Поскольку говорухинских демократов осаждают с обеих сторон (с одной – продажный Ельцин, с другой – рыскающие орды), единственный путь вперед – это действия в режиме чрезвычайного положения, и получается, что управление этим чрезвычайным положением строится на якобы общепонятной, нормативной иерархии ценностей, которые были характерны для досоветской элиты и, как полагаем «мы», то есть постсоветский средний класс, присущи уже и нам. Поэтому Говорухин призывает нас вернуться к ценностям «чести, благородства, достоинства», олицетворяемым самыми разными людьми, от Столыпина и Николая II до Гумилева и русской промышленной буржуазии, – впрочем, подразумевается, что мы уже вернулись к этим ценностям. В сущности, эти ценности и обеспечили наш общий успех в борьбе со старыми аппаратчиками КПСС во время путча 1991 года. Свидетельством этой победы служит и сам фильм:
Мы находимся в Партийном, иначе Ленинском, архиве. Сейчас зима, дело, как видите, происходит после августа 1991 года, который рассекретил это самое секретное учреждение нашей страны.
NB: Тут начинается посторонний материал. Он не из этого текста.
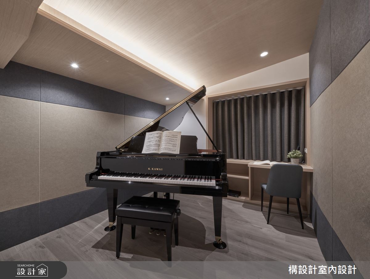 重塑公领域格局,并选用清新的灰色调与木质铺陈,玄关规划落地柜收纳与穿鞋椅,机能丰富多元,为了提供宠物游戏的空间,增设大量猫跳台,高低错落的设计弱化梁柱存在感。开放式客、餐厅放大空间感,餐桌旁佛龛设计,与整体风格融合,却又不失庄重。厨房选用一字型设计放大廊道,复古浪漫的蓝色磁砖铺设地坪,俐落优雅。私领域色调简约,光线明亮,规划大量柜体,舒适富有机能。卫浴空间选用蓝色瓷砖铺陈,分离式设计增添使用舒适度。为满足身为钢琴老师的女主人的专业需求,将琴房天、地、壁融入隔音机能,专业琴房规划,弹琴再也不担心打扰邻居。
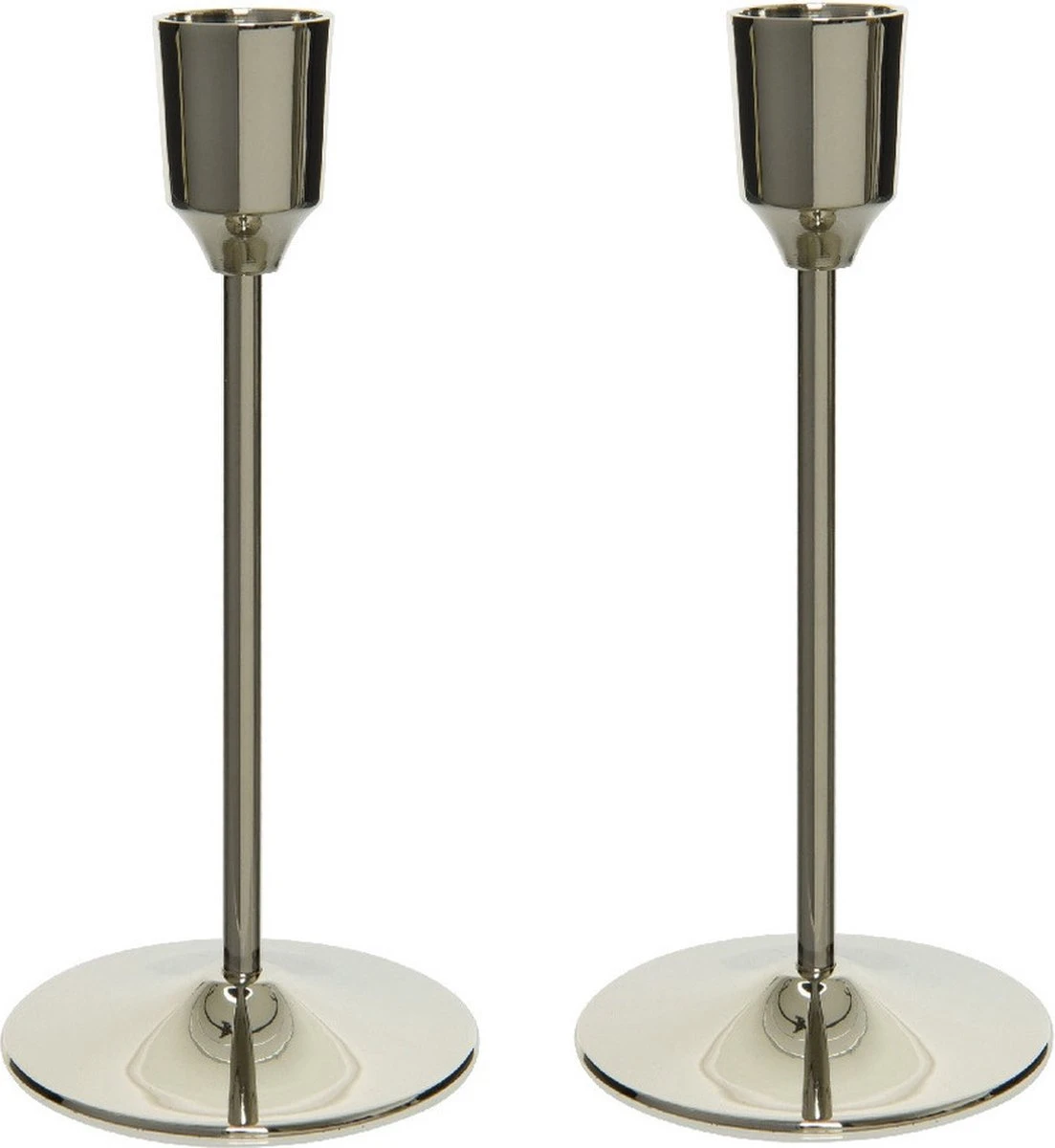 Decoris Set Van 2x Stuks Luxe Diner Kaarsen Staande Kandelaar Aluminium Kleur Zilver 20 Cm – Diameter Onderkant 7 Cm

Это рассекречивание, которого добились заслуживающие уважения, достойные и благородные москвичи, доказывает, что мы уже вернули кое-что из нашего славного досоветского наследия. Но наш проект не доведен до конца, и мы должны помазывать более подходящих лидеров, чтобы они вели нас в этой чрезвычайной ситуации. Эти лидеры должны прежде всего прислушаться к совету из того же фильма: «Остановить обнищание – любой ценой! Укротить преступников и остановить обнищание! Только так можно спасти Россию и ее будущее». Кому должны быть подотчетны эти лидеры? Уж конечно, не преступникам, которые бродят по улицам, но и не ордам, которые мы уже видели на одесском толчке в фильме «Так жить нельзя» (к слову, то, что торговцы на толкучке, – капиталисты из народа, Говорухина не особенно впечатляет, потому что они не носители элитистского этоса, который сопутствовал бы их занятиям). Может даже статься, что новые лидеры не будут подотчетны и нам; они должны отвечать столыпинскому идеалу, который и нам следует принять и который предполагает срочные реформы – от нашего имени, но без нашего непосредственного контроля. Именно таков смысл упоминания солженицынского Столыпина в 1992 году, когда Говорухин объясняет, что премьер-министра «одинаково ненавидели и левые, и правые» – как человека «смелого» и «идущего против ветра».